В жарком августе он заказал неподъемный букет из ста одной вульгарно красной розы. Он сам занес их в спальню, не позволив курьеру переступить порог квартиры. Здесь была только их территория, их заповедный мир.

«Только ты и я,» — шептала она.

И они никогда не звали гостей.


В сентябре случились сортовые гладиолусы из витрины на Невском. Голубые атласные ленты многократно перекрещивались на длинных стеблях. Почему-то это напоминало пуанты и балет. Она капризно велела купить билеты в Мариинку — как раз открывался новый театральный сезон.

Он всегда исполнял ее желания. Он честно высидел в четвертом ряду партера «Ромео и Джульетту», через неделю смотрел «Сильфиду» со второго ряда. Потом страдал в ложе бенуара на Вечере одноактных балетов.

Она никогда не шла ему на уступки.


Весь сентябрь он привозил ей садовые астры. Астры — почти как звезды. И каждый раз он пер для нее с дачи целые звездопады в оцинкованных ведрах.

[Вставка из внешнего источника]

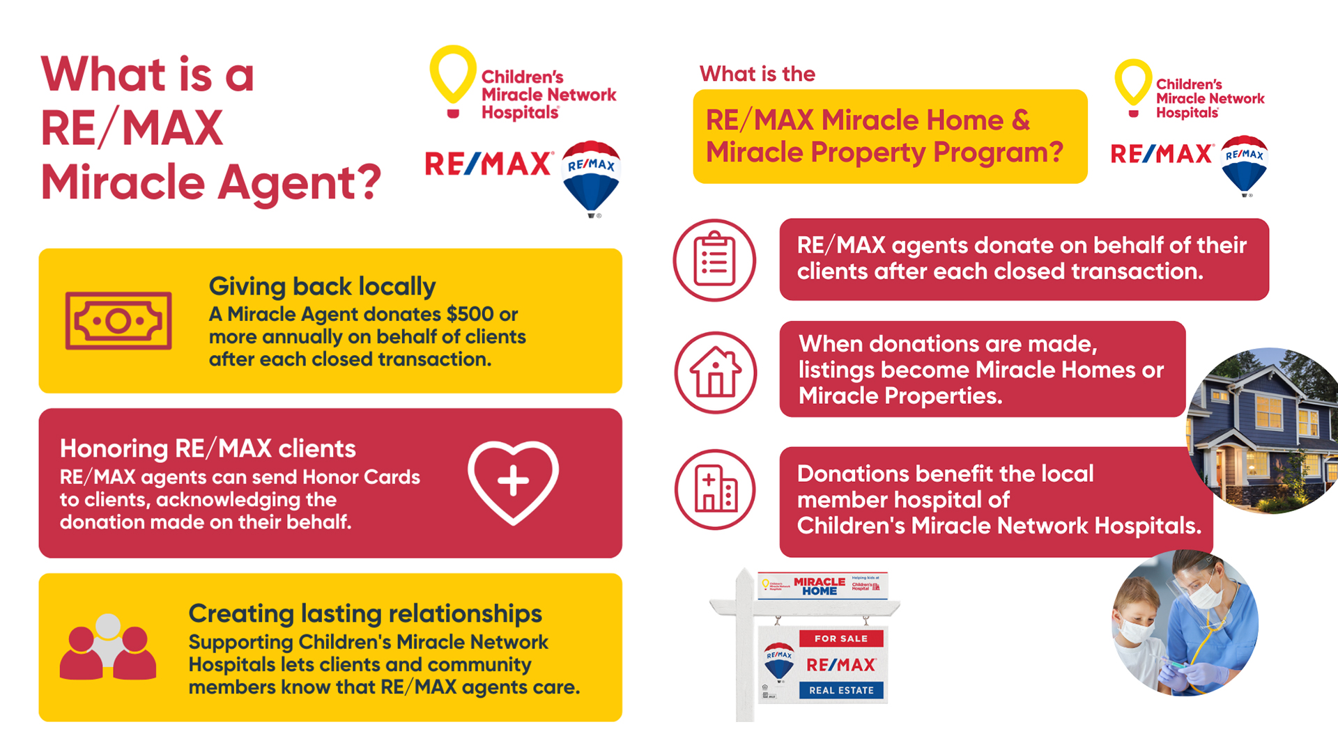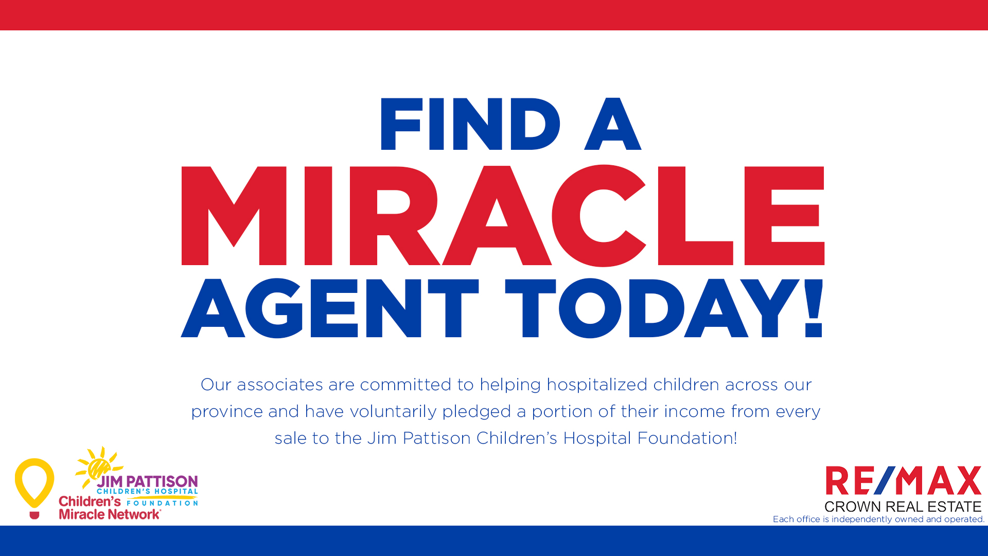 When you see a Miracle Home attached to a RE/MAX agent’s yard sign in Saskatchewan, the agent is donating a portion of the sale to Saskatchewan’s Jim Pattison Children’s Hospital Foundation.

Всегда-всегда-всегда она пересчитала, сколько на этот раз цветов. Иногда сбивалась и начинала считать заново. Их надо было пересчитать дважды по разной системе. Первый-второй-третий-четвертый…-семнадцатый. Первый-второй, первый-второй, первый-второй…

И всегда она выявляла и назначала лишний. Тот, который оставался без пары, кто нарушал своим одиночеством гармонию ее мира.

Тогда она привычным жестом безжалостно ломала стебель и, не глядя, выбрасывала цветок в мусорное ведро.

Итальянское ведерко было прикручено изнутри на дверце кухонного шкафчика. Тяжелая крышка на цепочке падала сверху, как могильная плита.

Он ненавидел этот звук.


Иногда она заливалась слезами, предъявляла ему обвинения:

— Ты… Ты… Ты снова… Зачем ты принес семь? — всхлипывала она. — Ты хочешь, чтобы мы расстались? Неужели это так трудно понять? Только ты и я. Нас должно быть поровну. Зачем нам кто-то еще? Третий лишний…


Он на самом деле ее не понимал. Почему это так важно?

Однажды он рискнул спросить:

— Неужели так страшно, если нас станет трое? Ты, я и он?


Она в ужасе от него отстранилась.

— Две полоски на тесте, разве это не ты и я? — совсем расхрабрившись, спросил он тогда. — Нас всегда будет поровну, если он родится.

Она отодвинулась на край дивана, поджав колени. Как будто улетела на далекую планету, в другую галактику.

Он почувствовал себя одиноко, как никогда прежде.


Сегодня даже ее ментоловые диваны казались ледяными сугробами, они искрились колючим снегом под электрическим светом хрустальных люстр.

Люстр, разумеется, тоже было две. И каждое ее искусственное солнце сияло слишком ярко для него.

Он замерзал в ее гостиной, как в Заполярье. Он не мог пересечь комнату в сторону бара, чтобы плеснуть себе виски. Его слепил яркий свет.

Ее бескомпромиссная жестокость ломала его, как стебелек тюльпана.


— Я всегда покупаю два теста, — спокойно ответила она со своей чужой планеты. — Меня устраивают две полоски, когда они на двух разных тестах. И никак по-другому.


Он вышел от нее с тяжелым заледеневшим сердцем.

Она его убила.

Больше он к ней не приходил, переселившись на дачу.


Она умерла через полгода, выбрав для этого красивую дату. В феврале. Одни нули и двойки выбиты теперь на ледяном светло-сером мраморе.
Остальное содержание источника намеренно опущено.